— Task statement —
Look in the data below for the line that has "VEVOR Ginocchiere per", then print exactly every line from there through the line that has "Lo specchio è", leaving pictures out.
BEGIN Supplied material
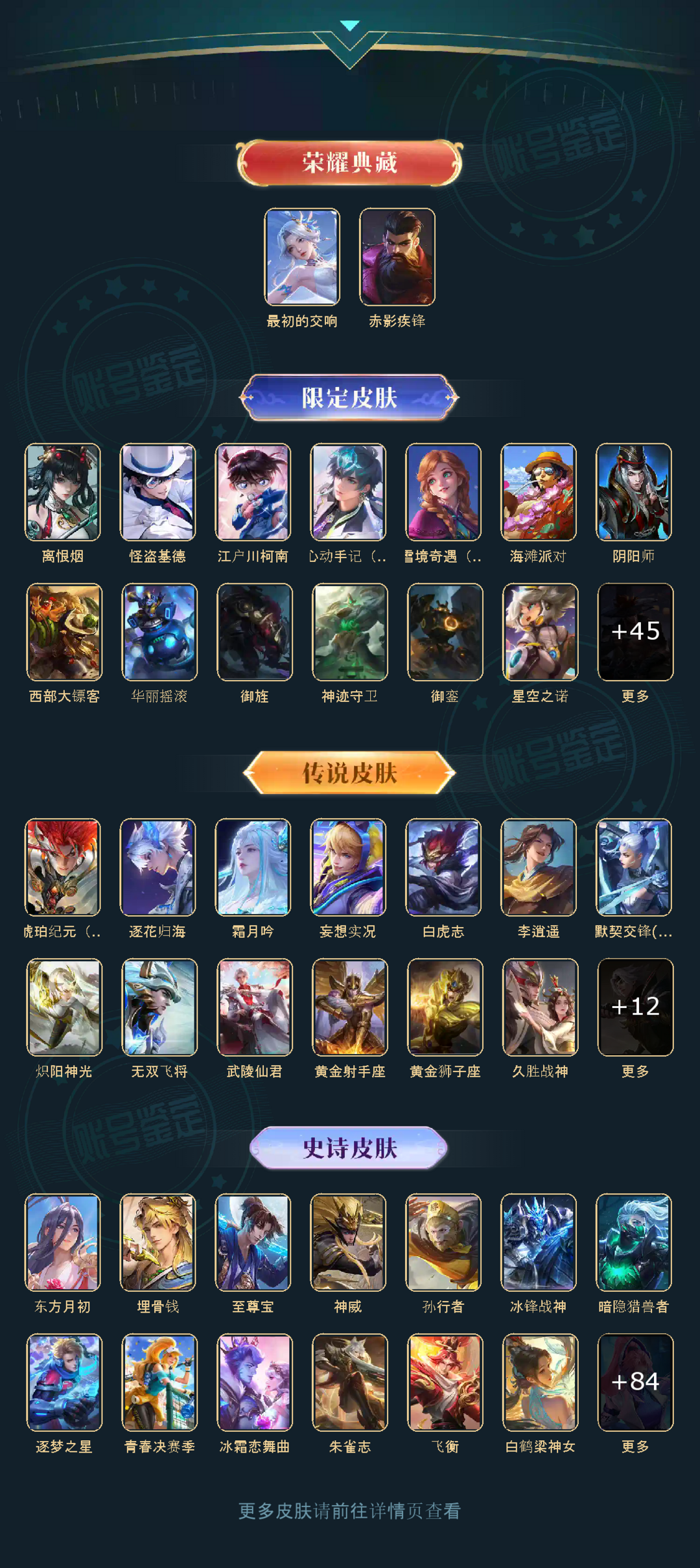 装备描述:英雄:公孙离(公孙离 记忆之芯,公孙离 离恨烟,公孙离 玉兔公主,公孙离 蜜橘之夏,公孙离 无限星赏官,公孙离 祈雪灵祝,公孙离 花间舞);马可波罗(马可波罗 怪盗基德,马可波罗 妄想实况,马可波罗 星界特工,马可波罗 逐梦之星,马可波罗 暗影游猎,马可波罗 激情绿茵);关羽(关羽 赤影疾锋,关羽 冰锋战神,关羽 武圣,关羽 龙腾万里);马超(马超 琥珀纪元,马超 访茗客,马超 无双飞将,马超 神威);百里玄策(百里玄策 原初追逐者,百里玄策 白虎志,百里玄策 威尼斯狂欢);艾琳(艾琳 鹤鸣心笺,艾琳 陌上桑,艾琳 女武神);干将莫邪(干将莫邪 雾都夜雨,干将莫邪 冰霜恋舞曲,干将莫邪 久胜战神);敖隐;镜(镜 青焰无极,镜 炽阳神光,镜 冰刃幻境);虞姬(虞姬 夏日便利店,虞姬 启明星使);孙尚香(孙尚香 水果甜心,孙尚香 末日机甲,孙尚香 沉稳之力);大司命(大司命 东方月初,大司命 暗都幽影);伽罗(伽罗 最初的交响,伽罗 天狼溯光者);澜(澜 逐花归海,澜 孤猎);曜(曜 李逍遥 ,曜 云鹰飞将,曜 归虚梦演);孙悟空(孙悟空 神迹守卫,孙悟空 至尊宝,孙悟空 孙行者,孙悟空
END Supplied material
BEGIN Supplied material
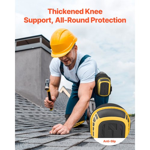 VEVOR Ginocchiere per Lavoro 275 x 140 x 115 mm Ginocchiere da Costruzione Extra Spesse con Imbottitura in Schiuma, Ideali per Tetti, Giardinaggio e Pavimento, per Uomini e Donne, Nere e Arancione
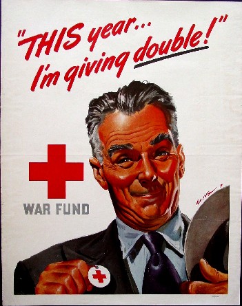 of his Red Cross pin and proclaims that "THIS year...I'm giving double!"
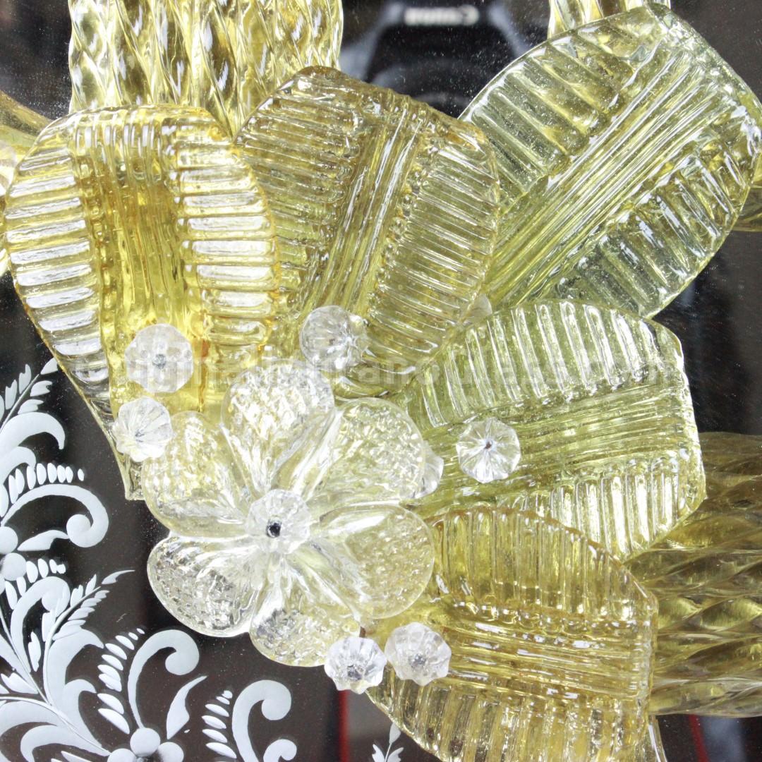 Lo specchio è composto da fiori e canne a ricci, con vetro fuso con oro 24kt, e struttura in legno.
END Supplied material
— Result below —
 VEVOR Ginocchiere per Lavoro 275 x 140 x 115 mm Ginocchiere da Costruzione Extra Spesse con Imbottitura in Schiuma, Ideali per Tetti, Giardinaggio e Pavimento, per Uomini e Donne, Nere e Arancione
 of his Red Cross pin and proclaims that "THIS year...I'm giving double!"
 Lo specchio è composto da fiori e canne a ricci, con vetro fuso con oro 24kt, e struttura in legno.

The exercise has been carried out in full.